Traditional data lakes enabled warehouse vendors to retrofit their managed storage on top of cloud object stores as Snowflake and Redshift did so well. But because object stores are barebones storage layers, vendors were forced to build a ton of management code and infrastructure to provide the same capabilities, performance and reliability of their coupled storage layers for a decoupled one. However, the cost savings and customer benefits were well worth the investment…and it paid off in dividend.

In parallel, data engineers at Netflix, Uber, Apple and Alibaba experienced a similar pain as they attempted to further decouple their data platforms, scale them to massive amounts of data and do it all in the most cost-efficient way possible. From that effort we got Apache Iceberg, Apache Hudi and Apache Paimon.

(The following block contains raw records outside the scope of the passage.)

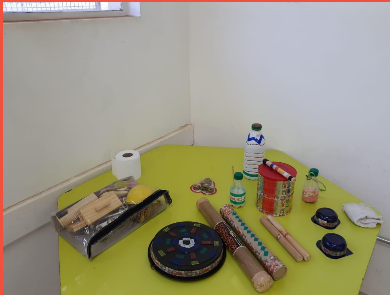
INSTRUMENTOS DE MUSICALIZAÇÃO FORMAIS E CONFECCIONADOS COM MATERIAIS DIVERSOS

Exploração instrumental – execução através de instrumentos musicais de sucata, confeccionados pelos alunos e também com os instrumentos acessíveis – especialmente os de percussão – clavas, chocalhos, caxixis, tambores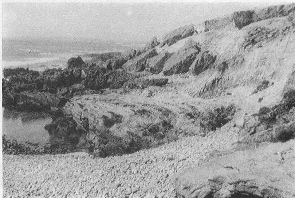
Fig. 4 - 1946. Vista parcial do lado setentrional da praia do Fortim de Porto Covo (Pessegueiro), com blocos de duna consolidada tombados na arriba.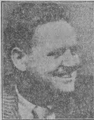
28 kwietnia 1950 roku — 50-lecie urodzin MAURICE THOREZA

Syn górnika, wnuk górnika, Maurice Thorez urodził się 28 kwietnia 1900 r. w Noyelles, małej osadzie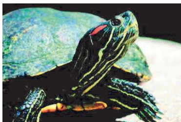
Tortue de Floride

Une espèce invasive (aussi appelée espèce envahissante) est une espèce soit végétale soit animale introduite, dans un nouveau milieu, volontairement ou non par l'humain et qui devient nuisible pour les espèces locales. Elle est originaire d'un pays étranger et menace la biodiversité locale et l'environnement là où elle s'est implantée.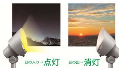
【点灯・消灯時 イメージ図】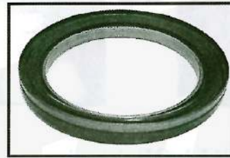
Rear oil seal: BZ4219E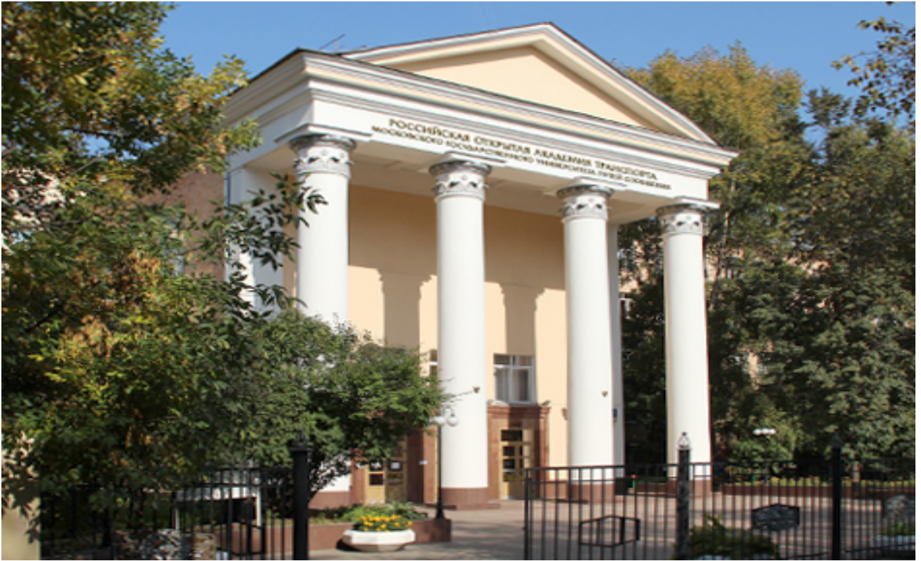
РОАТ МИИТ, 1993-2019 г.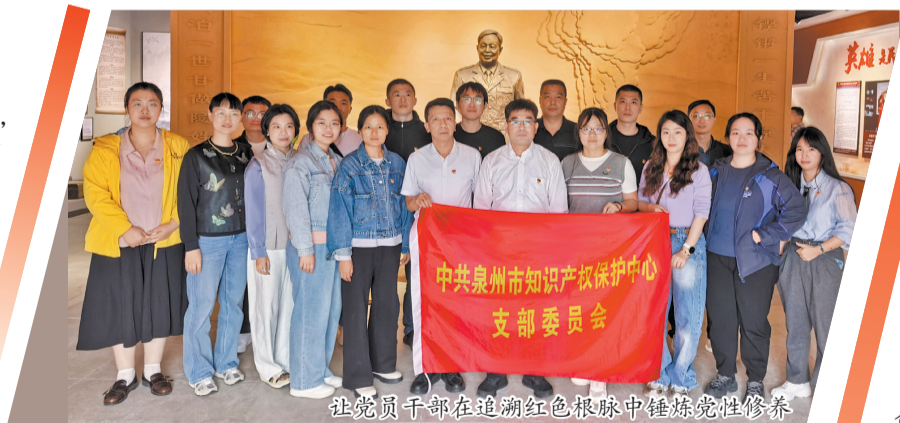
让党员干部在追溯红色根脉中锤炼党性修养

建强骨干队伍,提升组织凝聚力。持续完善人才培养体系,常态化开展知识产权专题培训、业务研讨、调研走访,建设14家专利预审实践基地,打造“干部讲坛”交流平台,实施“导师帮带”培养模式,持续提升队伍综合能力,多名干部入选省、市法院技术调查官,1名党员获评“全国模范人民调解员”、2名党员获评省级市场监管、知识产权先进个人。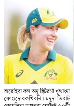
আৱেইবা ফল অদু ষ্টিৱিৰগী খুখাংদা ফোওদোকখিবনি। মদুগী ভিৰাট কোহলি মনা অপুনবা পোইন্ট ৭০ গী মনুংদা ৬৬ ফংলগা মনা অদু ফংখি।

আৱেইবা ফল অদু ষ্টিৱিৰগী খুখাংদা ফোওদোকখিবনি। মদুগী ভিৰাট কোহলি মনা অপুনবা পোইন্ট ৭০ গী মনুংদা ৬৬ ফংলগা মনা অদু ফংখি। নীংথিংবা য়াই, চহী ৩২ শুৱবা ইন্দিয়ানী কেপ্টেন ভিৰাট কোহলি হৌখিবা চহী ১০ অসিগী ৱন দে ইন্টাৰনেশ্বনল ক্ৰিকেট মেটচতা ৱন ১২,০৪০ লৌবা ওমখি। টেট ক্ৰিকেটতা ৱন ৭০১৮ অদুগা টি-২০ মেটচশিংদা ৱন ২২২৮ লৌৱগা পেরিনা টি-২০ ৱৰ্ক কপ মরি লৌবা শৰুক য়াখি অমসুং কুম্জা ২০১৩ গী নুপাগী ৱন দে ইন্টাৰনেশ্বনল ৱৰ্ক কপসু লৌখিবা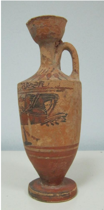
Εικόνα 56: Λήκυθος ΜΑΙΤ 9334, αρ. κατ. 17, πλάγια όψη.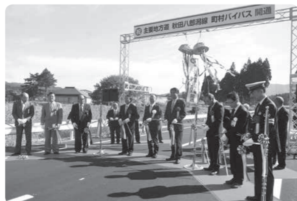
歴代町村町内会長や町内会の皆さんも出席し、開通を祝いました

10月26日、県が平成25年度から整備を進めてきた「県道秋田八郎瀧線町村バイパス」が開通しました。供用開始に先立ち開催された開通式典では、テープカットやパレードが行われました。この区間の現道は、住宅が密集する町村町内中心部を通り、見通しの悪い急カーブや狭い幅員などから、車両と歩行者のどちらにも危険の多い箇所でした。今回整備された町村バイパスは、住宅密集地を迂回する片側1車線の道路で、カーブが緩やかになり、幅員も広がりました。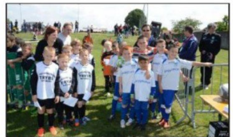
Une longue attente pour l'épreuve de tir au but.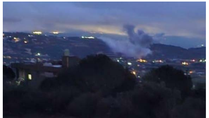
תקיפות חיל האוויר באלח'יאם (חשבון X של עלי שעב, 30 בינואר 2024)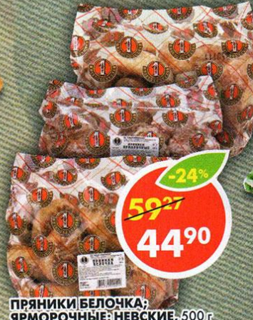
ПРЯНИКИ БЕЛОЧКА; ЯРМОРОЧНЫЕ; НЕВСКИЕ, 500 г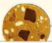
チョコ／穀シリアル

野の幸、山の幸、木の実、大地の恵。 一つの品に一つ以上の岩手の素材を用いる。 他にも国産をはじめ、選りすぐりの逸品素材を用い、香料や合成着色料に頼らず、素材が持つ特徴や風味の調和を大切に、「穀」シリーズクッキーです。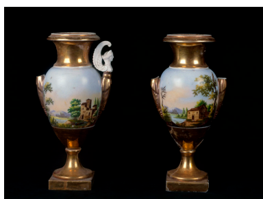
Paire de vases imitant la porcelaine de Sèvres. IVR22_19998000765XA

Databrick’s Delta Lake came out a little earlier.

How open table formats changed our view

With these new standard open table formats (Iceberg, Hudi, Delta), data engineering teams and vendors alike can build their own managed storage layers to help users minimize vendor lock-in and reduce their data storage and processing related costs.

They provide the best of both worlds. Users can use whatever query engine they want, but leave the data storage and management to a standard that is interoperable, simple and open.

Although open table formats provide APIs and procedures to manage data like compacting small files, expiring old versions (snapshots) and deleting orphaned files, it remains the user's responsibility to know how to configure these procedures, when to run them and how to handle failures and conflicts. In a small lake deployment with 100+ tables, it’s manageable, but as lakes grow to 1000’s or even 100,000+ tables it becomes a full time job for a sizable engineering team.

You’re probably thinking “I can do this, it’s not that hard” (I heard this hundreds of times in the last year). But when you have tons of other requests piling up, is this really what you want to spend your time doing? I don’t.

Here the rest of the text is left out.